Ma veniamo a noi. Ci incontriamo un lunedì pomeriggio, passiamo dal nostro rivenditore di fiducia per procurarci i componenti che servono e finalmente ci ritroviamo al FabLab. Lo schema lo conosciamo bene e non intendiamo modificarlo. Si comincia quindi con la progettazione dei case. Prendiamo un po’ di misure, che il nostro buon Paso trasforma via cad in scatole dentellate, da tagliare laser sul nostro classico plexiglass di recupero.
Realizzeremo un paio di MM4x4 di due dimensioni diverse, uno 15x15x4.5cm e l’altro 20x20x4.5cm. Finito il taglio si comincia l’assemblaggio dell’elettronica: passiamo le successive 4/5 ore a tagliare e saldare i piccoli cavetti colorati che collegano, con l’antica ma sempre valida tecnica della saldatura punto a punto, i 64 terminali dei potenziometri e dei jack di in e out.
E’ ormai passata la mezzanotte quando finalmente assembliamo le scatole e posizioniamo le manopole. Adesso i due mixer hanno un aspetto davvero interessante, come dire: anche l’occhio vuole la sua parte!
Ma a parte l’estetica è davvero entusiasmante sperimentare la ricchezza di possibilità sonore offerte da una macchina nel complesso così semplice. Incredibile la scelta dei percorsi che il suono può effettuare all’interno di questo schema circuitale. Risulta pressoché infinito il ragionamento rispetto a quello che si può collegare ai suoi otto jack di in/out, compiendo loop di ogni sorta. Effetti per chitarra, qualsiasi strumento che generi un suono o anche un semplicemente hum elettrico, piezo-drivers e piezo-disk, dei delay e magari un pedale equalizzatore per stabilizzare qualche frequenza. Tutto quello che può generare un suono od essere mandato in auto oscillazione, può essere sfruttato per produrre dei feedback e manipolarli successivamente nel mixer facendoli uscire e rientrare, consentendo dunque di giocare a piacimento con i Larsen.
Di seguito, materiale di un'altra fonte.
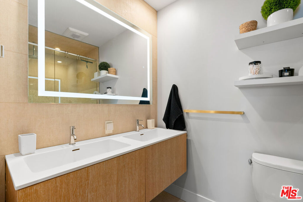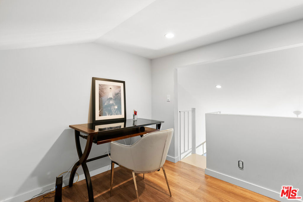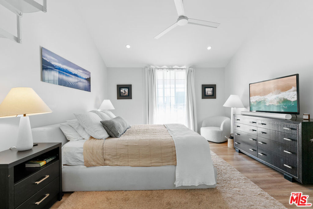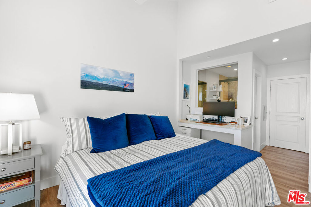 Welcome to this stunning and light-filled penthouse condo in the heart of Brentwood! Offering unparalleled privacy with no shared walls, this impeccably upgraded 2-bedroom + office, 2-bathroom home boasts 16-foot vaulted ceilings and a house-like ambiance atop the building. The expansive open floor plan features a spacious living area with a renovated gas fireplace, two private balconies, and sleek wood floors throughout. The remodeled gourmet kitchen is equipped with light wood cabinetry, granite countertops, a stainless steel Viking range, and a Thermador refrigerator, making it a chef's dream. Both bedrooms are thoughtfully designed, with the primary suite featuring a custom California Closet walk-in wardrobe, a remodeled en-suite bath with a luxurious glass walk-in shower, and an office loft. The second bedroom includes its own fully remodeled bathroom and a built-in desk, perfect for a home office setup. This south-facing unit is ideally situated for peace and quiet, offering impressive views of the Santa Monica Bay, Catalina Island and Palos Verdes, while being tucked away from the bustle of Montana and Barrington. Additional features include in-unit laundry, two large side-by-side parking spaces in a gated garage, and 200 sq. ft of in-unit storage space, plus an additional storage unit in the garage. The building itself provides an array of amenities, including a sparkling swimming pool, fitness center, gated parking, and earthquake insurance. Incredibly well located and walking distance to Brentwood's top-rated restaurants, boutique shops, Whole Foods, fitness studios, and more! This exceptional penthouse is a rare find that perfectly combines location, style, comfort, and conveniencedon't miss the opportunity to make it yours!

Questa modalità di utilizzo, basata sullo sfruttamento degli anelli di ritorno dei suoni, come già detto non è l’unica possibile: siamo di fronte ad uno strumento che serve a miscelare quattro diverse sorgenti sonore ed inviarle a quattro uscite diverse, dosando per ognuna una parte dei segnali di ingresso. E’ qui che le possibilità di utilizzo ricominciano ad espandersi. Come si dice in questi casi: il solo limite è l’immaginazione.
Alla fine della storia, Yellows ha implementato il MM4x4 nel suo già ben strutturato set di macchine analogiche e digitali, che dialogano tra loro in un anello infinito di segnali midi e audio. Il Matrix Mixer si è inserito perfettamente nel loro set mettendo in connessione le due anime del duo, che lo utilizza come piattaforma di scambio e collegamento reciproco: vero hub per inviare e ricevere segnali, mixarli, modificarli, rimandarli al mittente o di nuovo verso se stessi, generando così una texture di suoni che miscela field recordings e sonorità sintetiche, che prende forma nella matrice, e racconta a tratti la storia del duo.